*** Opening of DATA EXTRACTS ***

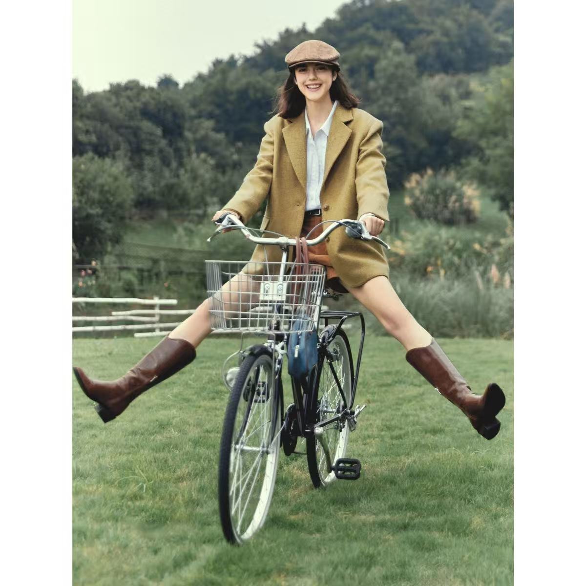 OVV2025秋冬新款女装经典微收腰随附腰带羊毛休闲西服
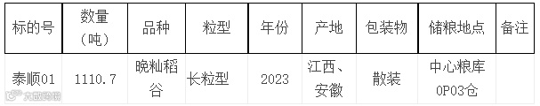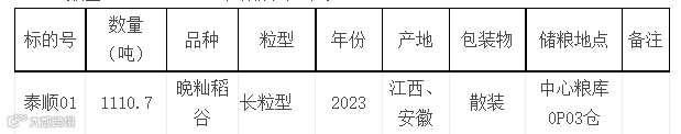 1、品种名称:晚籼稻谷,长粒型;生产年份:2023年;产地:江西、安徽(同一标段必须为同一产地);数量:1110.7吨 ;详细情况如下表:
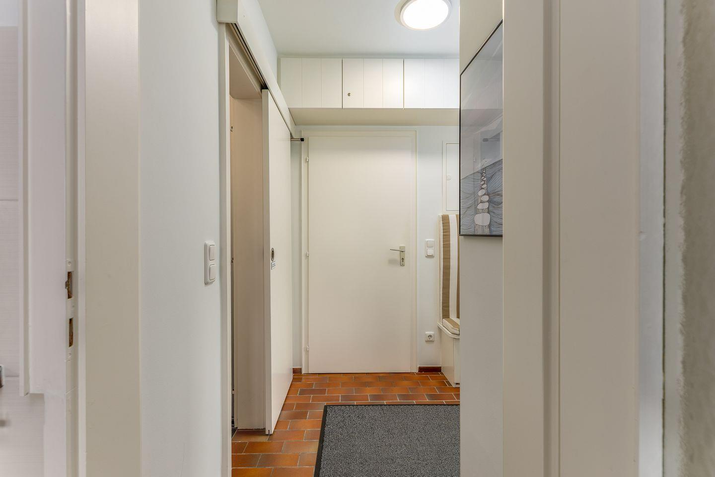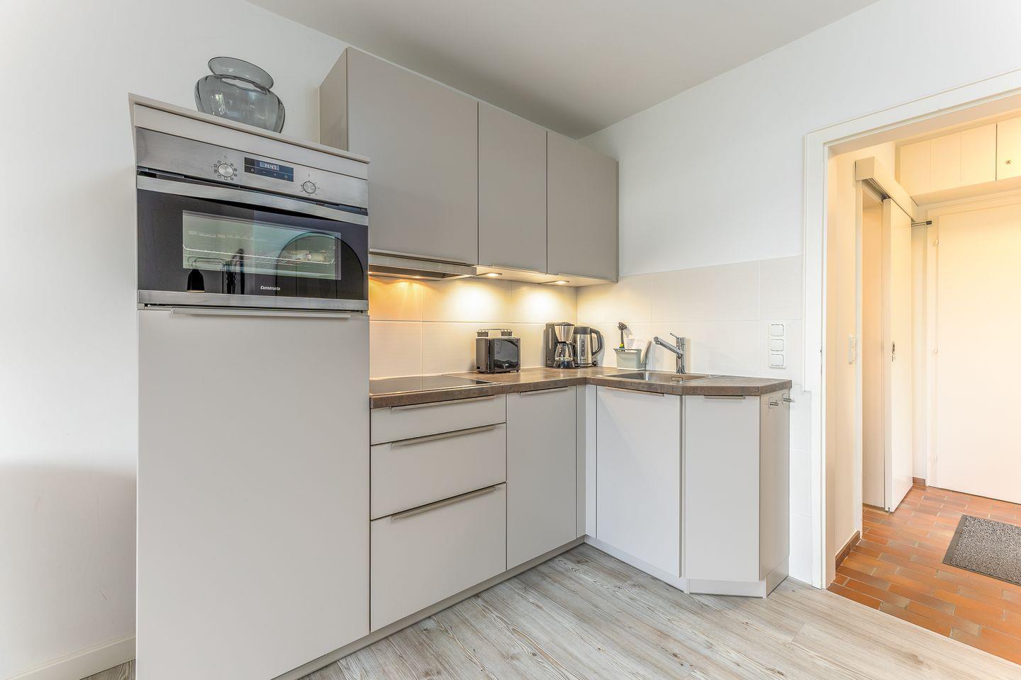 Wem der Sinn nach Grün steht, der macht es sich auf der kleinen Terrasse bequem. Im Inneren des Appartements bilden Weiß, Blau und Grau eine frische, klare Einheit. Ganz in Weiß gehalten präsentiert sich hingegen das Schlafzimmer, in dem das Doppelbett durch seinen Vordereinstieg wie eine kuschelige Koje anmutet. Maßgeschneiderte Einbauschränke sorgen nicht nur hier, sondern auch im Duschbad und Flur für genügend Stauraum. Kein Wunder, dass das Appartement nach einer Sylter Sagengestalt benannt wurde, denn der gute Geist Nis Puk, der für Erwachsene unsichtbar ist, schwebt in Form von viel Stilgefühl durch die ganze Wohnung.
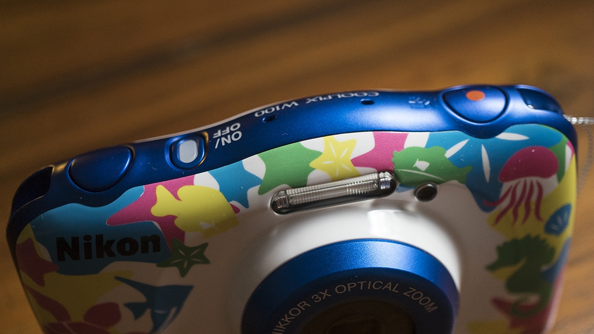 The Nikon W100 is primarily a waterproof camera, wrapped in a compact body made from plastic. There are no rough edges here, and the smooth body makes it a little difficult to properly get a grip. It doesn’t feel overly tough either but the metal ring around the lens and the added bumper protection around the outside will ensure the camera will survive a couple of drops here and there.
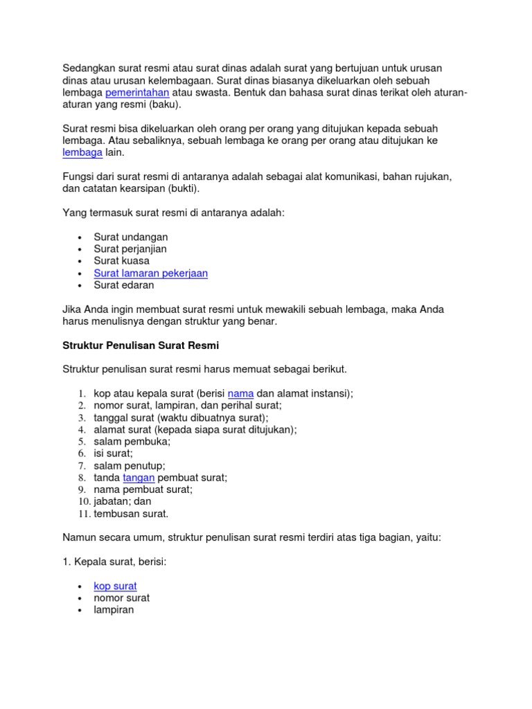 Secara sederhana surat dinas adalah surat resmi yang dibuat oleh sebuah instansi pemerintah atau swasta untuk keperluan kedinasan. Nah itulah tadi beberapa contoh surat dinas resmi dengan penulisan yang benar. Tanggal surat dinas tidak perlu didahului nama kota karena nama kota nomor surat adalah urutan nomor surat yang telah dikeluarkan oleh instansi atau organisasi tersebut. Jenis surat yang isinya berkaitan dengan kepentingan pribadi sehingga bahasanya surat lekuk (indented style): Ketika membuat surat dinas, haruslah mengacu pada standar surat resmi yang dalam penulisannya menggunakan bahasa resmi dan sesuai dengan pedoman umum ejaan bahasa indonesia (puebi).

*** Close of DATA EXTRACTS ***

TO DO: The answer must be an exact copy of the lines from the start of the records above through the line containing "1、品种名称:晚籼稻谷,长粒", with no pictures in it.

SOLVED PROBLEM:
 OVV2025秋冬新款女装经典微收腰随附腰带羊毛休闲西服
 1、品种名称:晚籼稻谷,长粒型;生产年份:2023年;产地:江西、安徽(同一标段必须为同一产地);数量:1110.7吨 ;详细情况如下表:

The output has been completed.